スポーツ

伊調馨選手へのパワハラ問題について・・・事態を改善するために

日本レスリング界を揺るがすようなNEWS

平昌オリンピックが終わりました。

我が国の選手を誇りに思います。

東京オリンピックへの期待も高まります。

そういった中、衝撃のニュースが飛び込んできました。

なんと、日本女子レスリングの伊調馨選手が栄監督からパワハラを繰り返し受けていた疑いがあるというのです。

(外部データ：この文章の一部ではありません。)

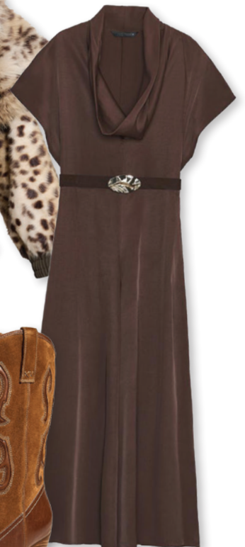
ZARA Zara.com, $100
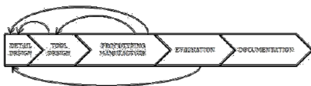
Fig. 2: Prototyping Stage of Product Development
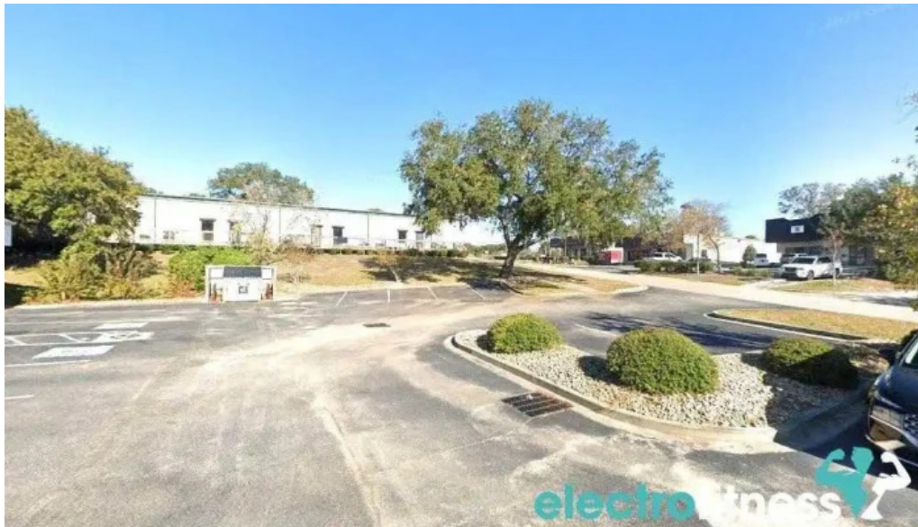
One body fitness little river

関係者が弁護士を通じて内閣府に告発状を提出したそうなのです。

私自身とても驚きました。

以下、日本経済新聞の記事を引用いたします。

女子レスリングで五輪4連覇を果たし、国民栄誉賞も贈られた伊調馨選手が、日本レスリング協会の栄和人強化本部長からパワーハラスメントを繰り返し受けたとして、レスリング関係者が1月、代理人弁護士を通じ、内閣府の公益認定等委員会に告発状を出していたことが28日、分かった。代理人弁護士の事務所が明らかにした。
栄氏は28日に取材に応じ、告発内容を否定した上で「協会と話し合って対応を決める。五輪4連覇に一生懸命協力したのに、なぜこんなことになったのか」と話した。
告発状によると、伊調選手は2004年のアテネ五輪と08年の北京五輪を連覇した後、指導を受けていた栄氏の意に反して、練習拠点を愛知県から東京都へ移動。それをきっかけに、伊調選手への嫌がらせが始まったとしている。
10年開催の世界選手権のためロシアに遠征した際には、伊調選手のコーチを務める強化委員の男性に指導をやめるよう命じ、従わなかった男性に「言うことを聞かなければ出ていけ」などと脅したと訴えている。
16年のリオデジャネイロ五輪の直前も、伊調選手が練習場所としていた警視庁の施設に出入りできないよう圧力をかけるなど、パワハラを繰り返したと主張している(日本経済新聞 2018年3月1日)。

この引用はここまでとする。